MU_UNKNOWNSIGNAL: Learning rate for the normalization parameter of the unknown signal component. Similarly to MU_REFERENCE, this normalization is introduced for an efficient learning. This is denoted by $\mu _{\beta }$ .
IS_ZERO: To save the computational resource, the filter update procedure is omitted if the INPUT contains no signal. This is the threshold to detect the existence of a signal. When the power of the INPUT is below this value, this time frame is ignored. Note that this threshold is applied to the power of the signal in the time-frequency domain, instead of the waveform in the time domain.
FILE_FILTER_IN: File name (path) that contains the initial filter values. If “-null” is specified, no file is used for the initialization.
FILE_FILTER_OUT: File name (path) to write out the filter values. If “-null” is specified, no file is written out.
OUTPUT_FREQ: The interval in terms of time frame to save the filter values.

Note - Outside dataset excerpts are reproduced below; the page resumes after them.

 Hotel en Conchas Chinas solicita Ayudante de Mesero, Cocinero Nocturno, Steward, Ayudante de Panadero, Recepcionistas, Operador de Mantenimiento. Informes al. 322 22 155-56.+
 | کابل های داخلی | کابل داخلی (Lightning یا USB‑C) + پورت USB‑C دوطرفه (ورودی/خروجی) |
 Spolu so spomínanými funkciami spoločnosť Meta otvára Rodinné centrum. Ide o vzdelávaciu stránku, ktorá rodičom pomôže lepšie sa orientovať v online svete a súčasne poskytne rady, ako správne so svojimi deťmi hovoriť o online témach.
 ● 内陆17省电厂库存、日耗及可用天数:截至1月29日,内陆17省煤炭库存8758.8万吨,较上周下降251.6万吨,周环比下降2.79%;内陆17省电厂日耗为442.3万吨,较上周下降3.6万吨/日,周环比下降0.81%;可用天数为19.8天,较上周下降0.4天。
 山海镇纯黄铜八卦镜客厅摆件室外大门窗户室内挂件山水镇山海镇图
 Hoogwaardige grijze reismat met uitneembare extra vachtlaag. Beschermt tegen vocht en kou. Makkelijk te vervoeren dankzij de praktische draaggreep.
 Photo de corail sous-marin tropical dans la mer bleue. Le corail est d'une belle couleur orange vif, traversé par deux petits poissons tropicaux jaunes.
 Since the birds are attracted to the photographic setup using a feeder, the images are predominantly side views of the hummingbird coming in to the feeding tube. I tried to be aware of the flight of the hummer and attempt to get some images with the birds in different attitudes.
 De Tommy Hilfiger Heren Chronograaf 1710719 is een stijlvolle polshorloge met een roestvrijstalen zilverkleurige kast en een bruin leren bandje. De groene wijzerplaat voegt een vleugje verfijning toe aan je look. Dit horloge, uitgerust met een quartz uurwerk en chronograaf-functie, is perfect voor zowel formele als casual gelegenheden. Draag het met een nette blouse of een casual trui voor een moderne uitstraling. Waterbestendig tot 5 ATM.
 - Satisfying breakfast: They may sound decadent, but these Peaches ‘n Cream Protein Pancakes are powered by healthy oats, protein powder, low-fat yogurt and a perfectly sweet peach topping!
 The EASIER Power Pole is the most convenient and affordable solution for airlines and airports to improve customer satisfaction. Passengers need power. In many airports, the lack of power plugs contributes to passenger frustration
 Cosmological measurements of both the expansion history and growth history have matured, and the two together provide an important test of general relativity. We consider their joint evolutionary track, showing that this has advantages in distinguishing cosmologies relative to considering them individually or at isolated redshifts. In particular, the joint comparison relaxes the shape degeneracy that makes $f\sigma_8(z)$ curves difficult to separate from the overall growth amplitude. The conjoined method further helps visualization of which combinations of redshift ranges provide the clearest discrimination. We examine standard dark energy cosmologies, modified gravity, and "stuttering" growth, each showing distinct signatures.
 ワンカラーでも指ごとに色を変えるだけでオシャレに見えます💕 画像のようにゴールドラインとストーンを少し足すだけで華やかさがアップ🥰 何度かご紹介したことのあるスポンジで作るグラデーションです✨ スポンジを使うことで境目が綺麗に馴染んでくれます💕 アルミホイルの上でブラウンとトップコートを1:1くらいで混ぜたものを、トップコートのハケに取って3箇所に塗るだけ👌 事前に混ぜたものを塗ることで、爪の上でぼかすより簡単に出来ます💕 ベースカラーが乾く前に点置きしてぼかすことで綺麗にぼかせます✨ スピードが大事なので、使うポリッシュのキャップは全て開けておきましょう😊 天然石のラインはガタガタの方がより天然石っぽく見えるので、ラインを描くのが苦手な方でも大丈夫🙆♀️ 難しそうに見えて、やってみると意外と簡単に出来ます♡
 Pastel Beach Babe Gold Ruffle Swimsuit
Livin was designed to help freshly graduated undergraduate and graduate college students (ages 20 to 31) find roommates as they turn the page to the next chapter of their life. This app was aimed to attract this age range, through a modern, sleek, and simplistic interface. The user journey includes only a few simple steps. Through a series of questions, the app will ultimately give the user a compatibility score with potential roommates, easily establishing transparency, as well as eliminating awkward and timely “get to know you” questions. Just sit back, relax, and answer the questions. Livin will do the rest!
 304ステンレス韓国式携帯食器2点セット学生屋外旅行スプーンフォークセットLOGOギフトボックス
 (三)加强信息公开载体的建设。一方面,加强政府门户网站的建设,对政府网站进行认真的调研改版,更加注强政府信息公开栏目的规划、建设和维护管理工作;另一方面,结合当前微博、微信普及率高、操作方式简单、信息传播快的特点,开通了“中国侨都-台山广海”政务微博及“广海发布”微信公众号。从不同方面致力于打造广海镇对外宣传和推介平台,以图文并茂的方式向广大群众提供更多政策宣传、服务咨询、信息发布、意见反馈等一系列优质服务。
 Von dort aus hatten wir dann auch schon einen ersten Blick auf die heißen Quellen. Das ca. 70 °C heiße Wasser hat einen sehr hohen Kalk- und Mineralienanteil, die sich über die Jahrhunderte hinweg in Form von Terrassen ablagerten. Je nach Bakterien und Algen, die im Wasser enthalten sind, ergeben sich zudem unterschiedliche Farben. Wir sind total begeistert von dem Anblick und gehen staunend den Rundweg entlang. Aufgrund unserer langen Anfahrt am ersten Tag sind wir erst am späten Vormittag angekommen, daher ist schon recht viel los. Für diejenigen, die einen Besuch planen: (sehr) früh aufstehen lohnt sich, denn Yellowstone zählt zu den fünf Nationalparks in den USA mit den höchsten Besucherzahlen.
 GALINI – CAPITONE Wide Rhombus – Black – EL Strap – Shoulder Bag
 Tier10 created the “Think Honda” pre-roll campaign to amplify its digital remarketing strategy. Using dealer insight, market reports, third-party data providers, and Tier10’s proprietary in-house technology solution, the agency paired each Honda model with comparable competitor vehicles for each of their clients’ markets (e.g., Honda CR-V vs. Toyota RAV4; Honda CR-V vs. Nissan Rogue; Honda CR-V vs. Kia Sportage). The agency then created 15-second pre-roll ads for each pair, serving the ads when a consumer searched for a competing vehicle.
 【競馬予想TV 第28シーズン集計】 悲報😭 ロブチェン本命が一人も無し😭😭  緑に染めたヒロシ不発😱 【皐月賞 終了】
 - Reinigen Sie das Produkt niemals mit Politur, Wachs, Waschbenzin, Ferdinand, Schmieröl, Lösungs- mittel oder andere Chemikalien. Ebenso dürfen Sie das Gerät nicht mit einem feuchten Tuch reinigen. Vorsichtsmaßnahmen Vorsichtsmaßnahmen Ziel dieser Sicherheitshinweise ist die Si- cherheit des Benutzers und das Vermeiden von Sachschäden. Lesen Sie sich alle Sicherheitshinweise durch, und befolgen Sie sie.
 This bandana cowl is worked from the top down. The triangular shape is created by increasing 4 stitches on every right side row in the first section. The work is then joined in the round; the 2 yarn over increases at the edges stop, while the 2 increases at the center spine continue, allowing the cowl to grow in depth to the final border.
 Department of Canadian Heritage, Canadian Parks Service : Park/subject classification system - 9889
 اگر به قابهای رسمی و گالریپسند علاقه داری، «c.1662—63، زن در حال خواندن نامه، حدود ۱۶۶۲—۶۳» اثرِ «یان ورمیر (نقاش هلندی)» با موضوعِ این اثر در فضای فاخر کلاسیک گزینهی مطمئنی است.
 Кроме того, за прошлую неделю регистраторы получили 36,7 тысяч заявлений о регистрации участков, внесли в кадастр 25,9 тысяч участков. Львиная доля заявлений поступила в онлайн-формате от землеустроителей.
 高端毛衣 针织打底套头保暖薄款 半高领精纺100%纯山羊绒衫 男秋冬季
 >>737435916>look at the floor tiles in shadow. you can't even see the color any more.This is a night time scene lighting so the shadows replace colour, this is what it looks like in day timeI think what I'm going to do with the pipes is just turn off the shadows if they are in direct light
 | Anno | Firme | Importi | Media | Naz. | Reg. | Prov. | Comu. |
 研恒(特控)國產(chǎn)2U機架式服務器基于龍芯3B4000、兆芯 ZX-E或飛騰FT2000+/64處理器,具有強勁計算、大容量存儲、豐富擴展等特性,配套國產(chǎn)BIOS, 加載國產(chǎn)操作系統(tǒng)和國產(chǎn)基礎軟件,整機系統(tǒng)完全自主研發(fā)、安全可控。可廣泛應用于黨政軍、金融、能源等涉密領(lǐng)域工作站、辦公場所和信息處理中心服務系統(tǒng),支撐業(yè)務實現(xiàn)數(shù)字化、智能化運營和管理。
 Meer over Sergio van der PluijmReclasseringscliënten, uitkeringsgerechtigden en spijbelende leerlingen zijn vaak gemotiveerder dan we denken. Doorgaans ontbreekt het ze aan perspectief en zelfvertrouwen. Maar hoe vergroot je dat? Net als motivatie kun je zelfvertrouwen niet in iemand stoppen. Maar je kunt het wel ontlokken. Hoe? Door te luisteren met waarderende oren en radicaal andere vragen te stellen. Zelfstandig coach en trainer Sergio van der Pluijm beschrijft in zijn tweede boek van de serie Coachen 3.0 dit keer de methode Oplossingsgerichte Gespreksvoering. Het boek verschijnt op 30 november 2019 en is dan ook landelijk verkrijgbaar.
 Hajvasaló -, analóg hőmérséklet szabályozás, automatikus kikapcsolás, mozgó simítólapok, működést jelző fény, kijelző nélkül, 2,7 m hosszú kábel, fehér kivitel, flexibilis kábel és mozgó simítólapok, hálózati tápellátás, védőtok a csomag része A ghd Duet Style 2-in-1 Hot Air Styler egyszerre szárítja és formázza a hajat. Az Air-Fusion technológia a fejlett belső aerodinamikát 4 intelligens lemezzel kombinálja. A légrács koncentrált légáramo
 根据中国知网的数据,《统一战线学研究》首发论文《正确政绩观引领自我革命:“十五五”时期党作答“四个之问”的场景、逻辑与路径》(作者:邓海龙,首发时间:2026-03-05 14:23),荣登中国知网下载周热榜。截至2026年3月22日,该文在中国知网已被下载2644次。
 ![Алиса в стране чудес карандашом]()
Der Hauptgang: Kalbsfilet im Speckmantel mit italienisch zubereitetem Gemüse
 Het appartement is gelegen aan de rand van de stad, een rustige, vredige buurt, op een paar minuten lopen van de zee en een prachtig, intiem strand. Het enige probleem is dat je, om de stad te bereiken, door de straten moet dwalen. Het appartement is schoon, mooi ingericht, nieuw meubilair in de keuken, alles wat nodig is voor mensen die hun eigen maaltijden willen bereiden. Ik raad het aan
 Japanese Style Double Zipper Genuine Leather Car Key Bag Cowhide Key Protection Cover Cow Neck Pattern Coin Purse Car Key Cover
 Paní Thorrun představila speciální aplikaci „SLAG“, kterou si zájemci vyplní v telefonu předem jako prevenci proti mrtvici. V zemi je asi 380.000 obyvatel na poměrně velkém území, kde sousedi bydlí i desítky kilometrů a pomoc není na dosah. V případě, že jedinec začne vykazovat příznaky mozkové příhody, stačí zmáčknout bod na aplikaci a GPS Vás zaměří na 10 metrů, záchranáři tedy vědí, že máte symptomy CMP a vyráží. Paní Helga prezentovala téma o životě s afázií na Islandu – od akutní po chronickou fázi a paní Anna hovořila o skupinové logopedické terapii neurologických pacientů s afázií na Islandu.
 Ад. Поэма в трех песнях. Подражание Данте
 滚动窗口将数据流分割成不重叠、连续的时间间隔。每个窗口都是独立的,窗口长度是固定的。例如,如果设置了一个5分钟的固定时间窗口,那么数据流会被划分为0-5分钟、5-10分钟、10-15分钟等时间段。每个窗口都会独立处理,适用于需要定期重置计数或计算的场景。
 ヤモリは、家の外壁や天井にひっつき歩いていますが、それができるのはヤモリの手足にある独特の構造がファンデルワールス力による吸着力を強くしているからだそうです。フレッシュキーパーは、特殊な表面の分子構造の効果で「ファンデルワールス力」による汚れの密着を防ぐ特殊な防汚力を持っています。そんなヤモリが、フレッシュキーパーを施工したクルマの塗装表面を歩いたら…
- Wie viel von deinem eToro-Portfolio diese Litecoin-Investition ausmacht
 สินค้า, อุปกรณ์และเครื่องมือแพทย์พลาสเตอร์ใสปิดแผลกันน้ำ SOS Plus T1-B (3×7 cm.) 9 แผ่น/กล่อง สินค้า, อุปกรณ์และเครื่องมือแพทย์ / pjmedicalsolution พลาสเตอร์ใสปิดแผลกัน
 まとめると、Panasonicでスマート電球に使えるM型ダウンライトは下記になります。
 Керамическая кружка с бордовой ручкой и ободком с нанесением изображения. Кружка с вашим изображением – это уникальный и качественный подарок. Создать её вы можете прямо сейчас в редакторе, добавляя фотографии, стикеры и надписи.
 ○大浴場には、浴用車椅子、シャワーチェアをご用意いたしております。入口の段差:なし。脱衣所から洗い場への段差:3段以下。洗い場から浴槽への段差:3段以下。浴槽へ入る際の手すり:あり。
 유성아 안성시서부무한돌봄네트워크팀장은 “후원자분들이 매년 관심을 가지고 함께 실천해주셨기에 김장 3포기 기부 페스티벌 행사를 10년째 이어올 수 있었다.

6.3.12.5 Detail of the node

SemiBlindICA node suppresses the known signal component from the multichannel observation that contains both the known and unknown signals using independent component analysis (ICA). The ICA algorithm is derived based on the mixing process in the time-frequency domain and the statistical independence between the known and unknown signals.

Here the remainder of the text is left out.